In .NET 7.0 and 8.0, the APIs were published as preview features. Starting with .NET 9, these APIs are no longer considered preview features and are now deemed stable.

From the implementation perspective, System.Net.Quic depends on MsQuic, the native implementation of QUIC protocol. As a result, System.Net.Quic platform support and dependencies are inherited from MsQuic and documented in the Platform dependencies section.
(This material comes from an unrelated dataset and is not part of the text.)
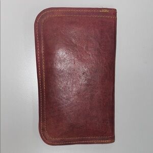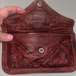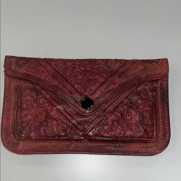 Beautiful embossed leather wallet in rich brown. Elegant and stylish design. OS. Smoke and pet free home. Some holes from embellishments that were removed. Beads that were sharp. Snap closure, with some rub off of black paint as pictured. 2 interior pockets, 1 that zips closed. Appears to be handmade. Measurements in pictures

In short, the MsQuic library is shipped as part of .NET for Windows. But for Linux, you must manually install libmsquic via an appropriate package manager. For the other platforms, it's still possible to build MsQuic manually, whether against SChannel or OpenSSL, and use it with System.Net.Quic. However, these scenarios are not part of our testing matrix and unforeseen problems might occur.

Platform dependencies

The following sections describe the platform dependencies for QUIC in .NET.

Windows

  • Windows 11, Windows Server 2022, or later. (Earlier Windows versions are missing the cryptographic APIs required to support QUIC.)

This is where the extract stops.